The Sunlit Path|Jan 4, 2007 5:55 AM| by:

Imperfections and Yoga

Most of us, at some time in our life, feel the call of the Spirit, the wish to enter into the spiritual path. Generally this remains a wish, and very little is done to take it up seriously. Our other concerns are too many and too pressing.

However, for a few, this inner call becomes very strong and they set out on this difficult journey. But very soon one realizes that the path is not easy. At every step one is confronted with all the imperfections, limitations, perversions of one’s own nature. One gets frustrated and depressed. One is convinced that the imperfections are too strong. One will never achieve the goal, one is just not meant for yoga and the spiritual path.

The question arose in the mind of a spiritual seeker who was overpowered by this situation:

Question : I find innumerable imperfections in my nature. There is no progress, nothing seems to be happening, after each rise there is a fall. Sometimes I feel I become even worse than before. With these imperfections is it not a clear indication that I am not meant for yoga, that I am incapable of following the spiritual path? Should I not give up this futile effort?

    Here is Sri Aurobindo’s reassuring reply full of compassion and spiritual insight.
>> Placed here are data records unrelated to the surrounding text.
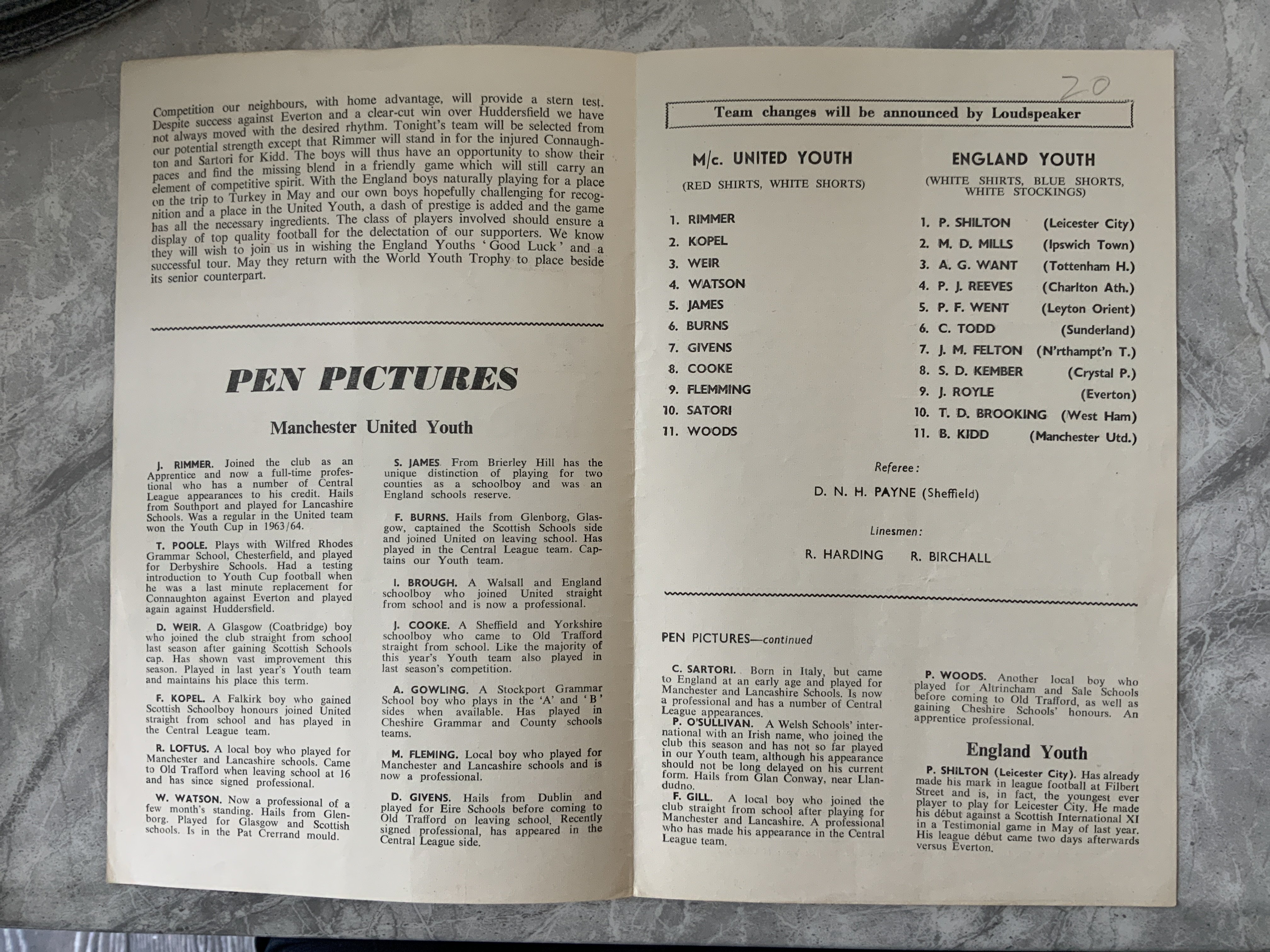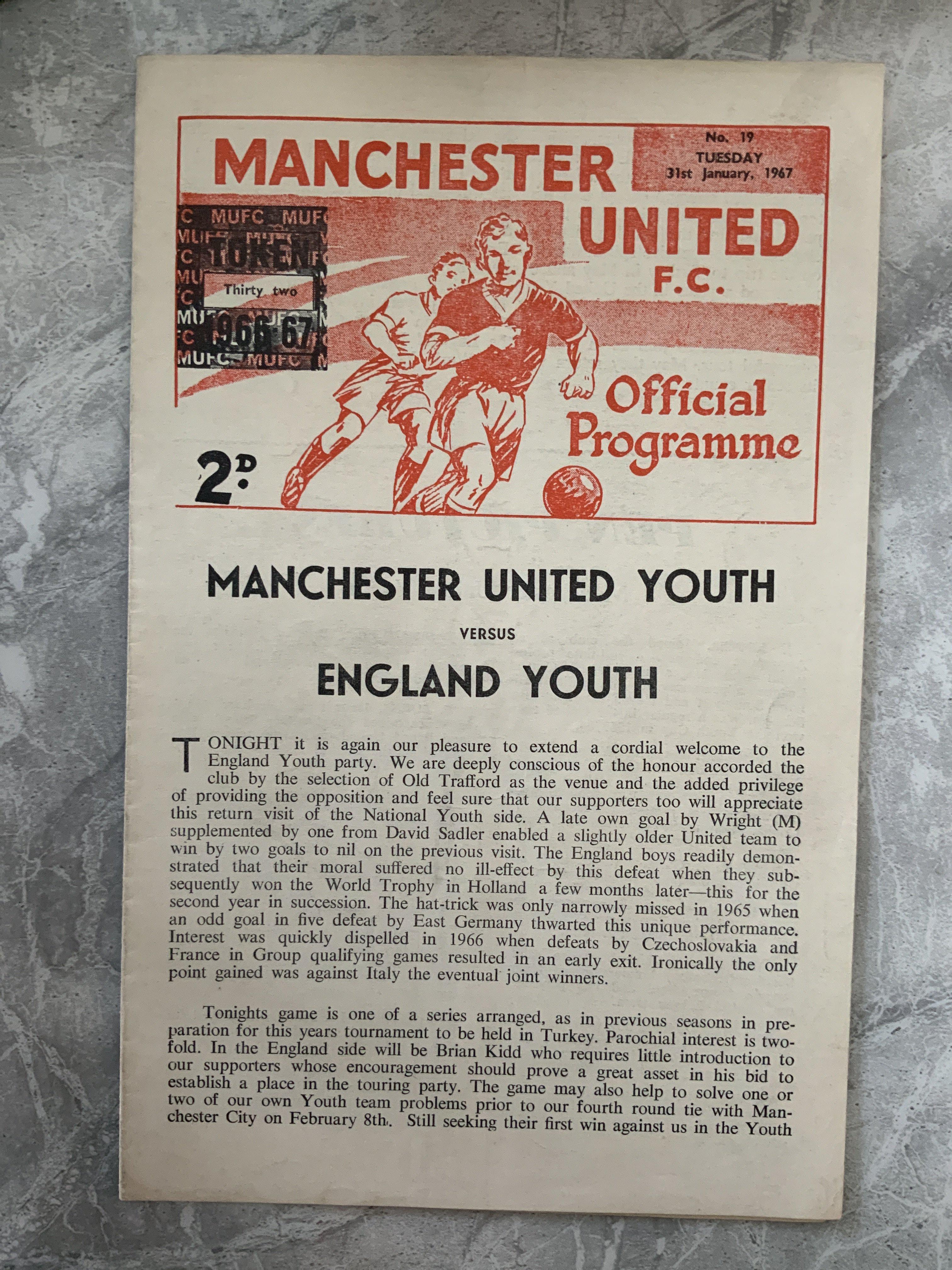 66/67 Manchester United Youth v England Youth Football Programme: Near mint condition 4 pager dated 31 1 1967. No team changes and token intact. England Youth team has Brooking Shilton Royle Todd Mills and Kidd playing.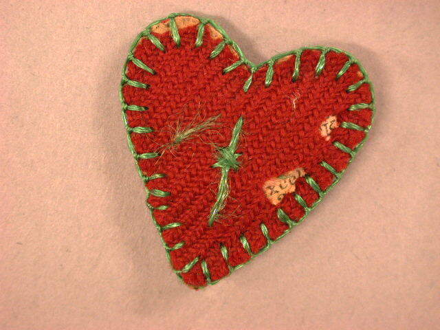 Hartvormige Agnus Dei gemaakt van rode stof en groen garen met deels verdwenen Grieks kruis. Op voorzijde rechts twee motgaatjes.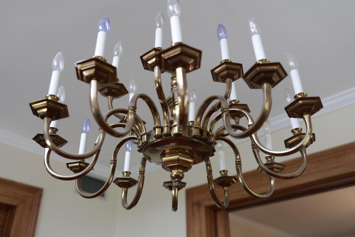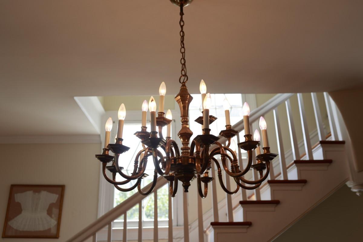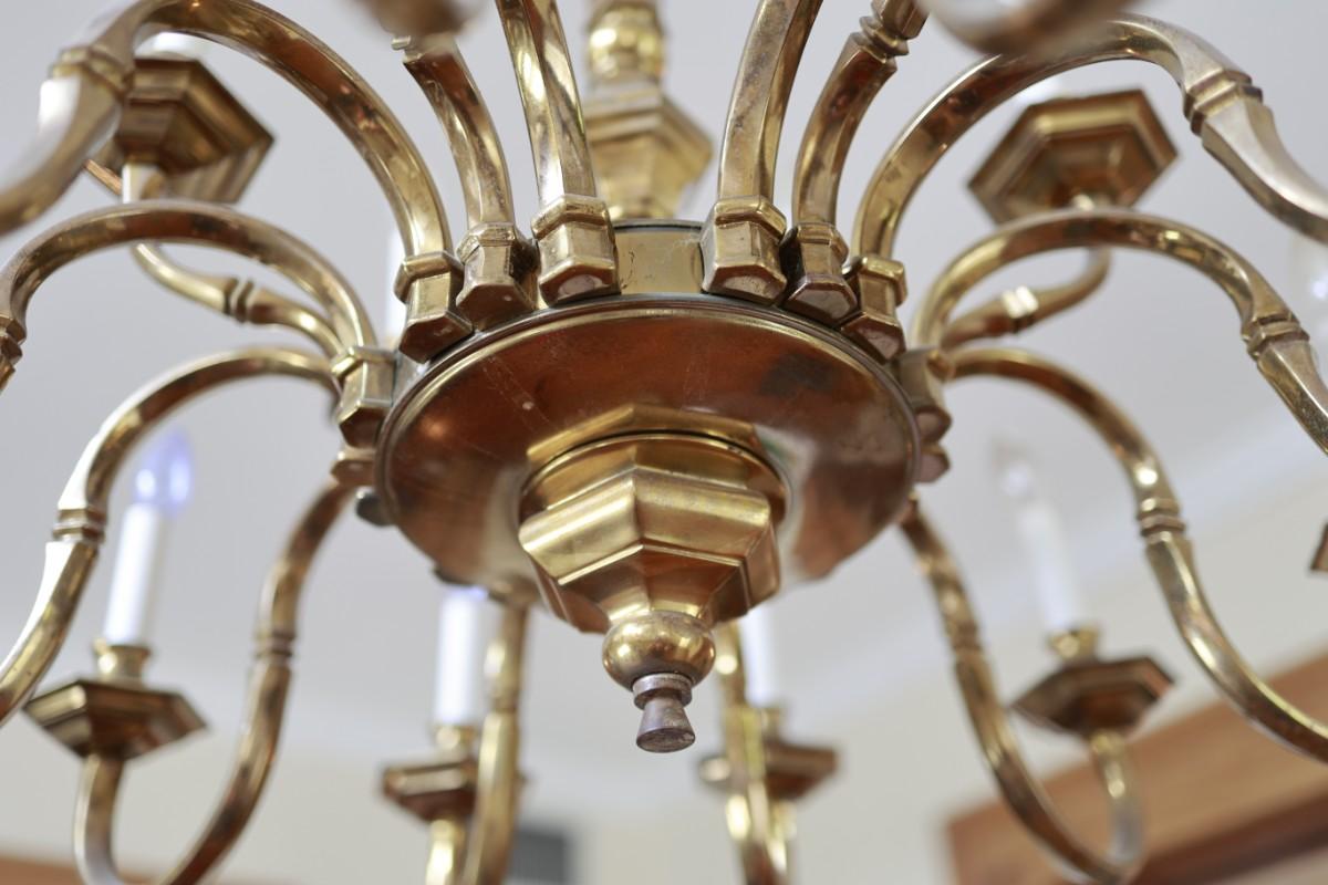 Large Two-Tier Brass Chandelier with 18 Candle-Style Lights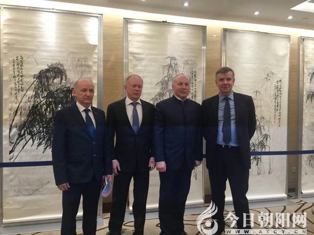 楊竹夫婦與住俄羅斯大使王開文(中)在作品前合影

With this answer no sincere seeker should have any doubts about his ultimate destiny.

  Imperfections cannot be a bar
The existence of imperfections, even many and serious imperfections, cannot be a permanent bar to progress in the yoga. (I do not speak of a recovery of the former opening, for according to my experience, what comes after a period of obstruction or struggle is usually a new and wider opening, some larger consciousness and an advance on what had been gained before and seems-but only seems-to be lost for the moment.) The only bar that can be permanent-but need not be, for this too can change-is insincerity…

If imperfection were a bar, then no man could succeed in yoga; for all are imperfect, and I am not sure, from what I have seen, that it is not those who have the greatest power for yoga who have too, very often, or have had the greatest imperfections. You know, I suppose, the comment of Socrates on his own character; that could be said by many great yogins of their own initial human nature.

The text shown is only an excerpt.